НАТАЛЬЯ. А вон он. Уже на улке. Напротив. Во-о-он, поглядите туда.
ЛАРИСА. Где напротив? Где на улке?
НАТАЛЬЯ. Да у молочного вон. Он всегда там сидит.
Все идут в ногу к балкону, встали, смотрят на улицу.
Как Митька их подобрал на вокзале, так он сразу стал ходить туда сидеть, а мамаша ваша тут, на стульчике, на него смотрела сквозь стекло, аж прямо жалко их обоих, не знаю, что они были за люди, то ли они, правда, типа того что любили друг друга, что им надо было друг на дружку смотреть всё время. Хотя старики. Я думаю: с ума сошли оба просто и сразу вместе.

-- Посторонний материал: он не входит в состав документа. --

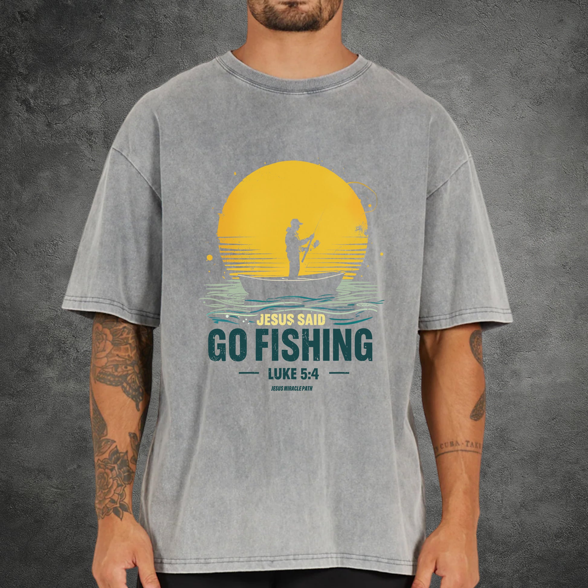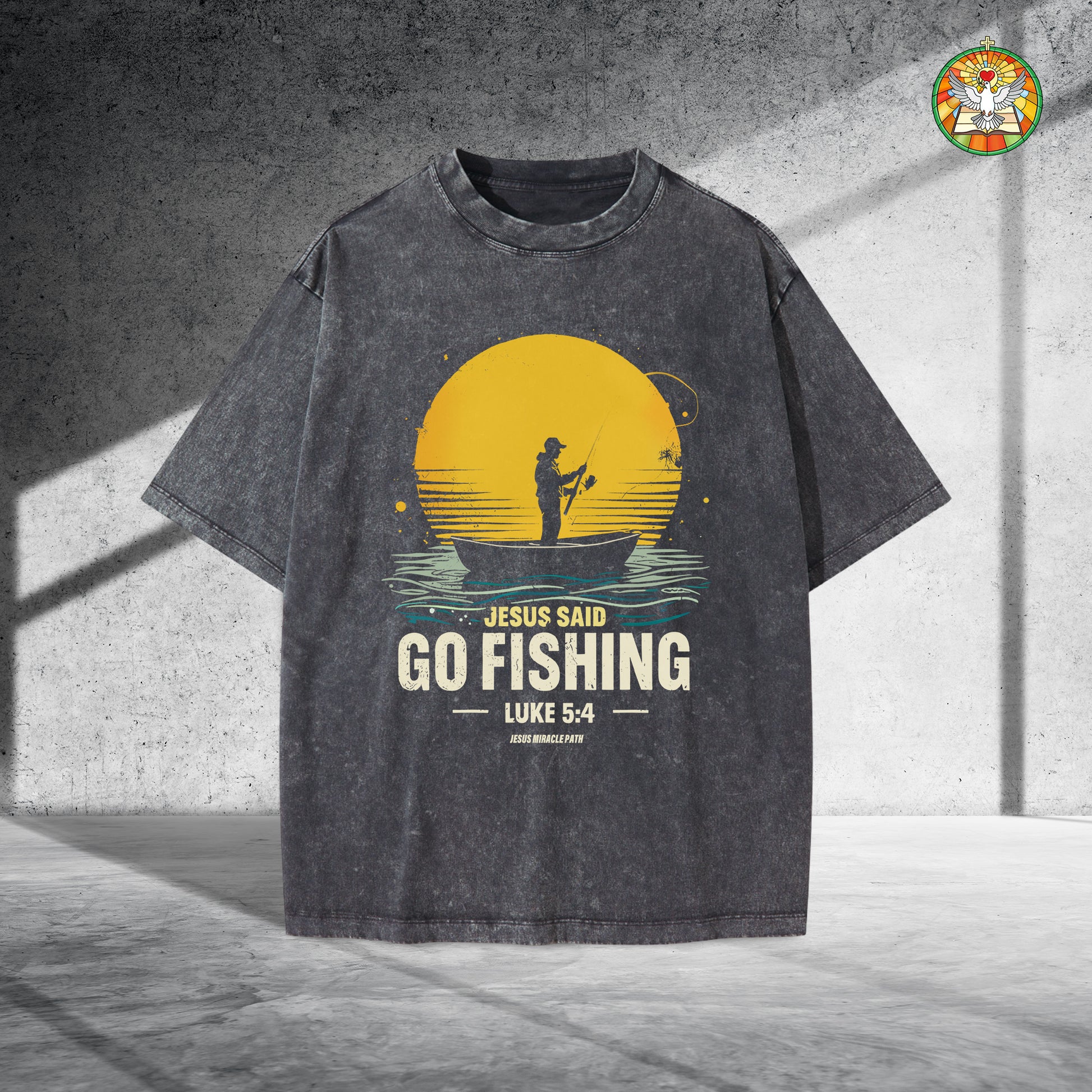 Cast your nets into deeper waters of faith with our "Jesus Said Go Fishing" Washed T-Shirt that beautifully combines the love of fishing with powerful biblical truth! This premium 100% cotton tee features a perfectly aged black wash finish and showcases a stunning sunset silhouette of a fisherman casting his line from a boat, set against a gorgeous golden sun that reflects on peaceful blue waters, representing the miraculous catch that followed Jesus's instruction in Luke 5:4. The design captures the moment when Jesus told Simon Peter to "put out into deep water, and let down the nets for a catch," leading to the miracle that would change the disciples' lives forever and transform them from fishermen of fish to fishers of men. The soft, breathable 100% cotton construction combined with the vintage washed finish creates that authentic lived-in comfort perfect for fishing trips, church events, or everyday wear that sparks conversations about faith and following Jesus's calling. Perfect for the Christian man or woman who loves fishing and finds spiritual parallels in the sport, appreciates biblical stories about Jesus and the disciples, or wants to share the message that sometimes God calls us to cast our nets in deeper waters of faith and trust His miraculous provision, this comfortable washed tee serves as both a celebration of fishing passion and a powerful reminder that when Jesus says "go fishing," He's not just talking about catching fish – He's calling us to follow Him on the miracle path where ordinary obedience leads to extraordinary blessings and life-changing encounters with the divine.
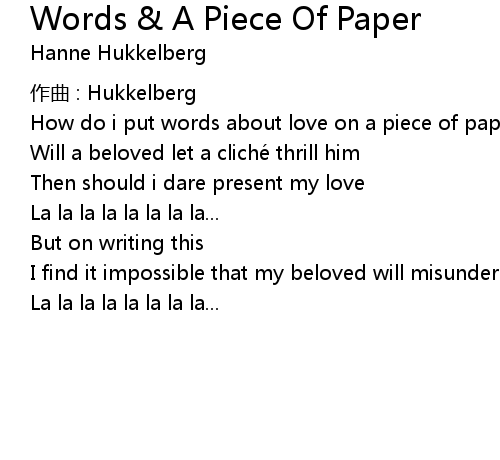 | Song | Words & A Piece Of Paper |

ЛАРИСА (Растерянно.) Да как же это… Как же это…
НАТАЛЬЯ. Он сядет там, будто греется на солнце, а ему все дают другой раз, а он возьмёт так гордо, вечером принесет, бросит на стол, а Митька пожрать купит. Они тут типа того что с месяц жили, я и не знала: Митька немой, ваши молчком.
ЛАРИСА. Заберите, невыносимо, я с ним к врачам за границу, невыносимо!!!!
НАТАЛЬЯ. Забрать? Да он посидит дома и уйдёт. Что ж, не в себе раз. Мы же его оттуда забрали, когда вы типа того что приехали вот сегодня.
МОЛЧАНИЕ.
ЛАРИСА. Кто-то подошёл? У меня куриная слепота, я к вечеру хуже вижу.
НАТАЛЬЯ (Смотрит в окно.) Это?
ЛАРИСА. Ну да, да, это, это?!
НАТАЛЬЯ (Молчит.) Негр, типа того что.
ЛАРИСА. Что он делает?
НАТАЛЬЯ. Негр? Да денег даёт ему, наверное. Ну да. Дал и пошёл.
ЛАРИСА. Куда?
НАТАЛЬЯ. В магазин, типа того что.
ЛАРИСА. Зачем?
НАТАЛЬЯ. За молоком, знать-то.
ЛАРИСА. Я говорю – зачем он денег ему дал, “знать-то, знать-то, знать-то”?!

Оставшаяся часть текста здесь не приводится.